WORK ORDER | In the entries that follow, the line with "玄武湖结冰,冰下锦鲤游不停 现代快报/现代+记者 赵杰 摄" opens the range and the line with "注意:安裝的時候有這個提示的" closes it; repeat that range exactly, both lines included.

RECORDS SHOWN |
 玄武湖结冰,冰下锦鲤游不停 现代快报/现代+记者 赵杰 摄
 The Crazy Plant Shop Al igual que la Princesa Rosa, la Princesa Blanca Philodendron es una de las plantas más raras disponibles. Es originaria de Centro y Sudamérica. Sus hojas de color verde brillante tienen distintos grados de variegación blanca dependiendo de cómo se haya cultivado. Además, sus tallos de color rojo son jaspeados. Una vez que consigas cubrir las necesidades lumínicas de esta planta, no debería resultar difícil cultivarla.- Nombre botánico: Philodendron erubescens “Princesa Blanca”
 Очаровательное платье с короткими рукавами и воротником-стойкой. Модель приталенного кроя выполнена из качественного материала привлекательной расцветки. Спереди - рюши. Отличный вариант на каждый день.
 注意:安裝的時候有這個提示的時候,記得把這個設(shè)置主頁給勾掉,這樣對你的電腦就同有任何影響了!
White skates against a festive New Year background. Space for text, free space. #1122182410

...

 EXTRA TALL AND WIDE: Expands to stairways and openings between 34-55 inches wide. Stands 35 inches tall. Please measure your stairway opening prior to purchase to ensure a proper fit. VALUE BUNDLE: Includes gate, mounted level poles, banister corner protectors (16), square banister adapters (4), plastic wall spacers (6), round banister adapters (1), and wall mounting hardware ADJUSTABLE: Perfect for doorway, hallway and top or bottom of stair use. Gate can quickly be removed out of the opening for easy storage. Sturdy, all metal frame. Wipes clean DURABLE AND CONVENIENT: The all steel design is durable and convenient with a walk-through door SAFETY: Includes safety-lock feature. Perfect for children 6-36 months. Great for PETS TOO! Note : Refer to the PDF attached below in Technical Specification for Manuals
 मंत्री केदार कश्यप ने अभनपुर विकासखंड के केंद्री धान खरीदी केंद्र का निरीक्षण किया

ANSWER SPACE |
 玄武湖结冰,冰下锦鲤游不停 现代快报/现代+记者 赵杰 摄
 The Crazy Plant Shop Al igual que la Princesa Rosa, la Princesa Blanca Philodendron es una de las plantas más raras disponibles. Es originaria de Centro y Sudamérica. Sus hojas de color verde brillante tienen distintos grados de variegación blanca dependiendo de cómo se haya cultivado. Además, sus tallos de color rojo son jaspeados. Una vez que consigas cubrir las necesidades lumínicas de esta planta, no debería resultar difícil cultivarla.- Nombre botánico: Philodendron erubescens “Princesa Blanca”
 Очаровательное платье с короткими рукавами и воротником-стойкой. Модель приталенного кроя выполнена из качественного материала привлекательной расцветки. Спереди - рюши. Отличный вариант на каждый день.
 注意:安裝的時候有這個提示的時候,記得把這個設(shè)置主頁給勾掉,這樣對你的電腦就同有任何影響了!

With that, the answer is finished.